Ils allèrent se promener à l’ombre de jeunes arbres, de l’autre côté de la route, dans la partie du jardin qui descend jusqu’au bord du lac. Le soir tombait et un assez grand nombre de pensionnaires secouaient leur torpeur en faisant comme eux les cent pas. Les deux amis se croisaient à intervalles réguliers avec le groupe de femmes où se trouvait Mme  Belvidera. Ces rencontres prévues et s’effectuant presque infailliblement au même point, remuaient tous les sens de Gabriel. Il affectait d’abord de ne pas la regarder à chaque fois, mais la fois suivante il n’y tenait plus et levait les yeux. Il la voyait venir, le visage illuminé par les reflets rouges de son ombrelle, et ses grands yeux aux cils abaissés qui se relevaient doucement, progressivement, à son approche, comme s’ils eussent été mus par le rythme de la marche.

Voulait-elle le regarder ? Non sans doute ; car, lorsque leurs regards se croisaient, elle avait un mouvement d’impatience qui se traduisait par un brusque détour de la tête ou par un éclat de rire nerveux venu plus ou moins à propos dans la conversation à laquelle elle prenait part. Cependant ses paupières se relevaient par la vertu d’une force secrète. Comme il en était arrivé à s’imposer la puérile discrétion de ne la regarder qu’une fois sur deux rencontres, le jeu compris de part et d’autre, à la longue, amenait sur leurs lèvres un imperceptible sourire, d’abord contenu, dissimulé, presque pénible, mais avec lequel, peu à peu, ils se familiarisaient. À la fin, prenant leurs aises, ils ne souriaient plus et se regardaient toujours.

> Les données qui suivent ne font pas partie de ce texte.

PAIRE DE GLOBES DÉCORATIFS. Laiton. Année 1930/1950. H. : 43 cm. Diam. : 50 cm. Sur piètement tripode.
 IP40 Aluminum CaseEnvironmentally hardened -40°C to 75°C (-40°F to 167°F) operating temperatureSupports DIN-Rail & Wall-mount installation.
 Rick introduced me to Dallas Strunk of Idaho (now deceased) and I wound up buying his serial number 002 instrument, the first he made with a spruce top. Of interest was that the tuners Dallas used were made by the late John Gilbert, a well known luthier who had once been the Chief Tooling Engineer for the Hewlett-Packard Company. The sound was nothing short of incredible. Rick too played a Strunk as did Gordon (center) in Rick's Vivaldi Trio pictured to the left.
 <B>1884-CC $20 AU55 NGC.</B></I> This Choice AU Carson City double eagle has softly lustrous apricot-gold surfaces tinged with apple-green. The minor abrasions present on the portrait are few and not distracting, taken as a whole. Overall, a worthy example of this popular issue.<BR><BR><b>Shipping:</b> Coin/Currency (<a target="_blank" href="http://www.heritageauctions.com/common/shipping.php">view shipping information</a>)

Il n’avait de repos que lorsque le détour de certaines allées lui permettait de la voir de dos et d’embrasser des yeux sa taille splendide, ses belles hanches, sa démarche particulière, et le charme innommable de toute sa personne. Alors, en ces moments-là, une sorte d’effluve mystérieux et terrible qui, en face d’elle, lui causait une intime épouvante, un affolement enfantin, et se traduisait quelquefois par des fléchissements de la voix et des abattements soudains dans les muscles des jambes ou des bras, semblait le libérer, faire trêve, et lui permettre de s’épanouir dans l’admiration libre et hardie de cette créature de séduction.

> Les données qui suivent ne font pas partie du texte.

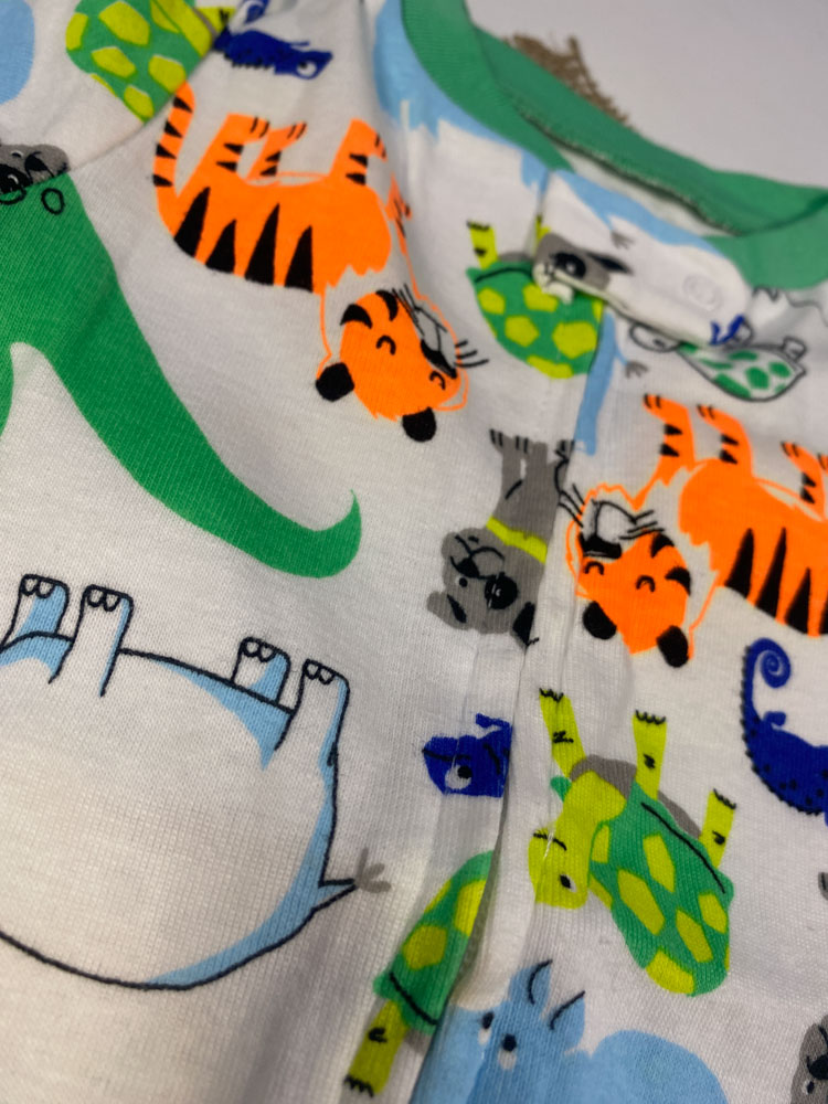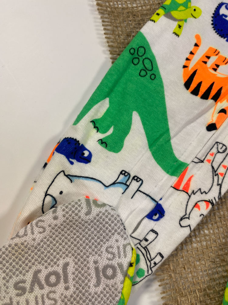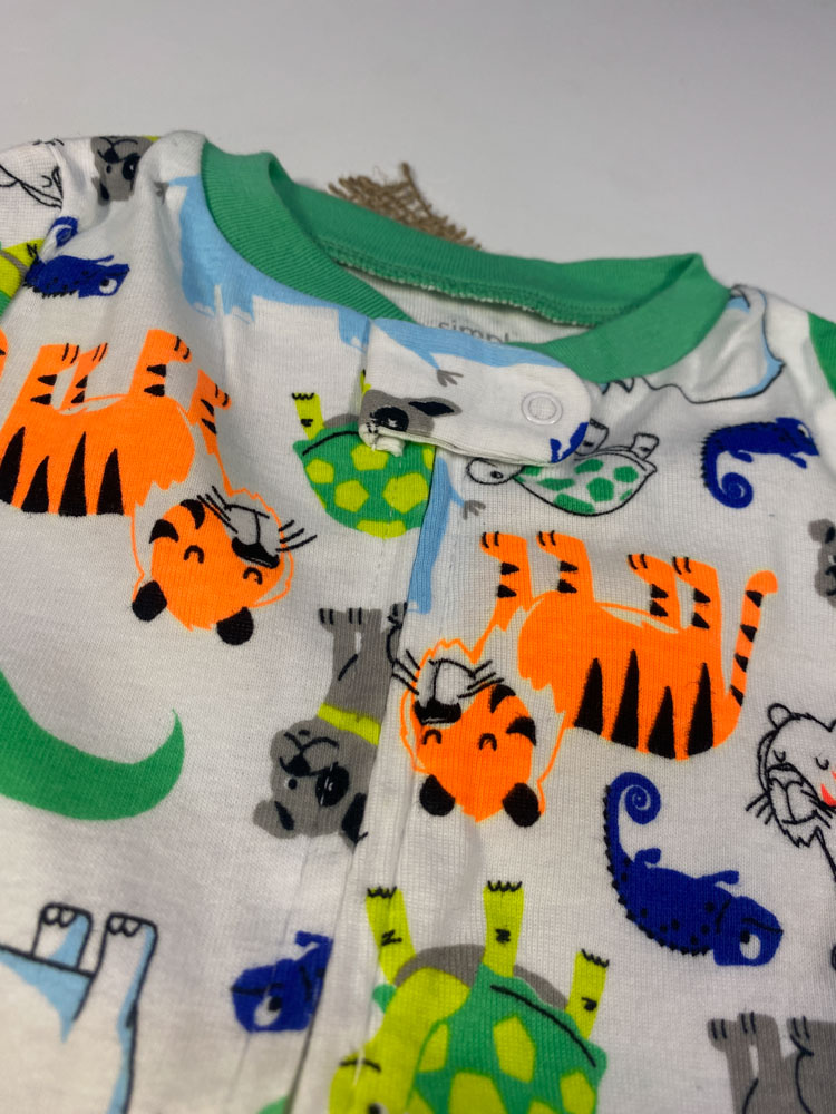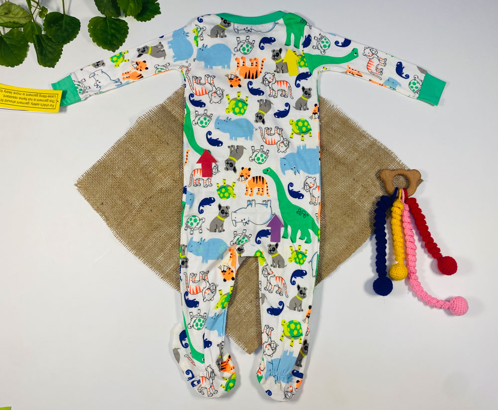 ایراد دار _ سرهمی نوزادی پسرانه آستین بلند طرح طرح حیوانات جورابی جلو زیپی سفید رنگ

Il s’efforçait à parler lorsqu’elle venait à leur rencontre. Il se taisait, laissait sa phrase interrompue, brisée, dès qu’elle était passée. Dante-Léonard-William respectait le flux et le reflux de son humeur, poursuivant au dedans de lui ses chimères.

Dompierre lui demanda à brûle-pourpoint s’il n’avait pas revu Carlotta. Le bruit s’était en effet répandu que le poète la poursuivait et la voyait dans les îles. Mais Lee se remit aussitôt à chevaucher l’idée que lui avaient inspirée sur le lac les charmants mensonges de la marchande de fleurs. Évidemment Carlotta n’avait été pour lui qu’un signe, qu’un objet évocateur dont la personnalité ne l’avait même pas atteint.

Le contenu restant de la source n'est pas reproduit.